»»
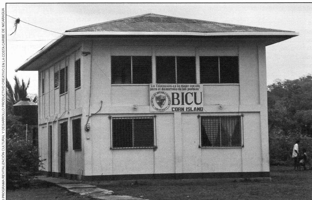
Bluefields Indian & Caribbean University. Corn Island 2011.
««
»»
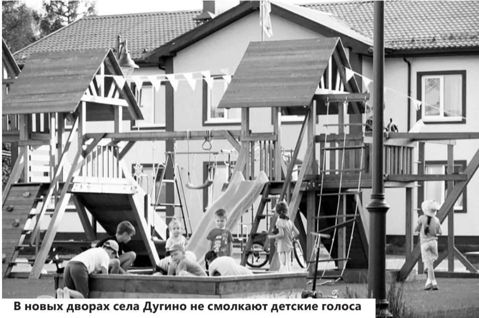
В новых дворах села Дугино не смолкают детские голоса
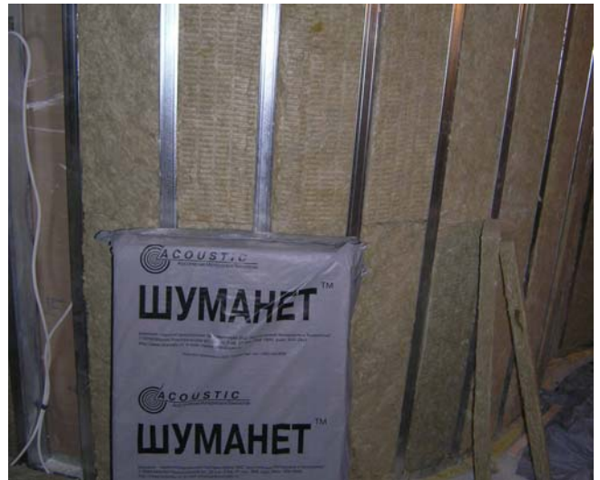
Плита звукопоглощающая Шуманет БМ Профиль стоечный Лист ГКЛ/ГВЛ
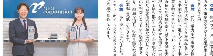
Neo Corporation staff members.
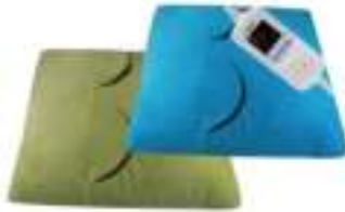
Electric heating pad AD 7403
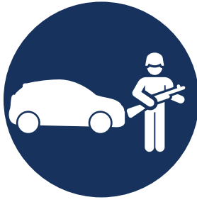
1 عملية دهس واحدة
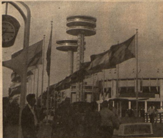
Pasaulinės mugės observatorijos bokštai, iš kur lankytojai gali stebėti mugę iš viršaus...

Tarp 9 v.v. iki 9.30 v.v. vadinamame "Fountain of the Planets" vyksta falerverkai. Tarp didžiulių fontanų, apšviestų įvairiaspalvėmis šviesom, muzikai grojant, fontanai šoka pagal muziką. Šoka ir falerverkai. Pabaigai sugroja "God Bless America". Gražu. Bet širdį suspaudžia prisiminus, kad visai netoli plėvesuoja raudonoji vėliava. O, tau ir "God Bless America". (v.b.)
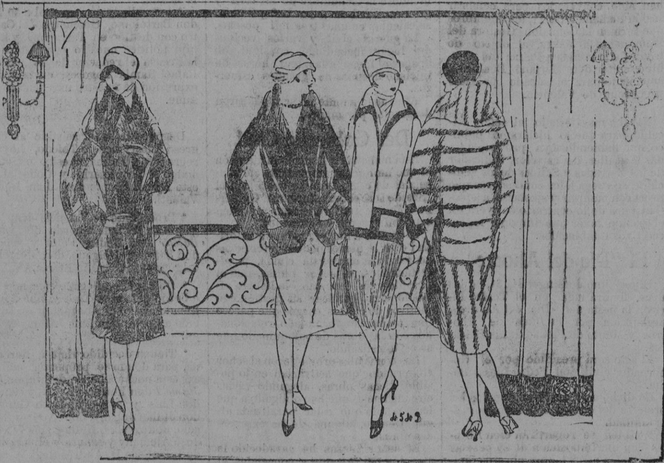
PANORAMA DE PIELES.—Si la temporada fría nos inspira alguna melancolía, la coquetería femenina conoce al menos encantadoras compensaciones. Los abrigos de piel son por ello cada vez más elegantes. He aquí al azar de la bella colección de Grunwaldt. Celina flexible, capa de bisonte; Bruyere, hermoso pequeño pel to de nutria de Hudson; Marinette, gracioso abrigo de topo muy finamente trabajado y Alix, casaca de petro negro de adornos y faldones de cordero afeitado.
««
»»
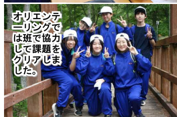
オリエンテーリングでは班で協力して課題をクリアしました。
««
What this task involves = Write down exactly the span of lines above from the one containing "Pasaulinės mugės observatorijos" to the one containing "Tarp 9 v.v.", both ends included.

Exercise solution =
Pasaulinės mugės observatorijos bokštai, iš kur lankytojai gali stebėti mugę iš viršaus...

Tarp 9 v.v. iki 9.30 v.v. vadinamame "Fountain of the Planets" vyksta falerverkai. Tarp didžiulių fontanų, apšviestų įvairiaspalvėmis šviesom, muzikai grojant, fontanai šoka pagal muziką. Šoka ir falerverkai. Pabaigai sugroja "God Bless America". Gražu. Bet širdį suspaudžia prisiminus, kad visai netoli plėvesuoja raudonoji vėliava. O, tau ir "God Bless America". (v.b.)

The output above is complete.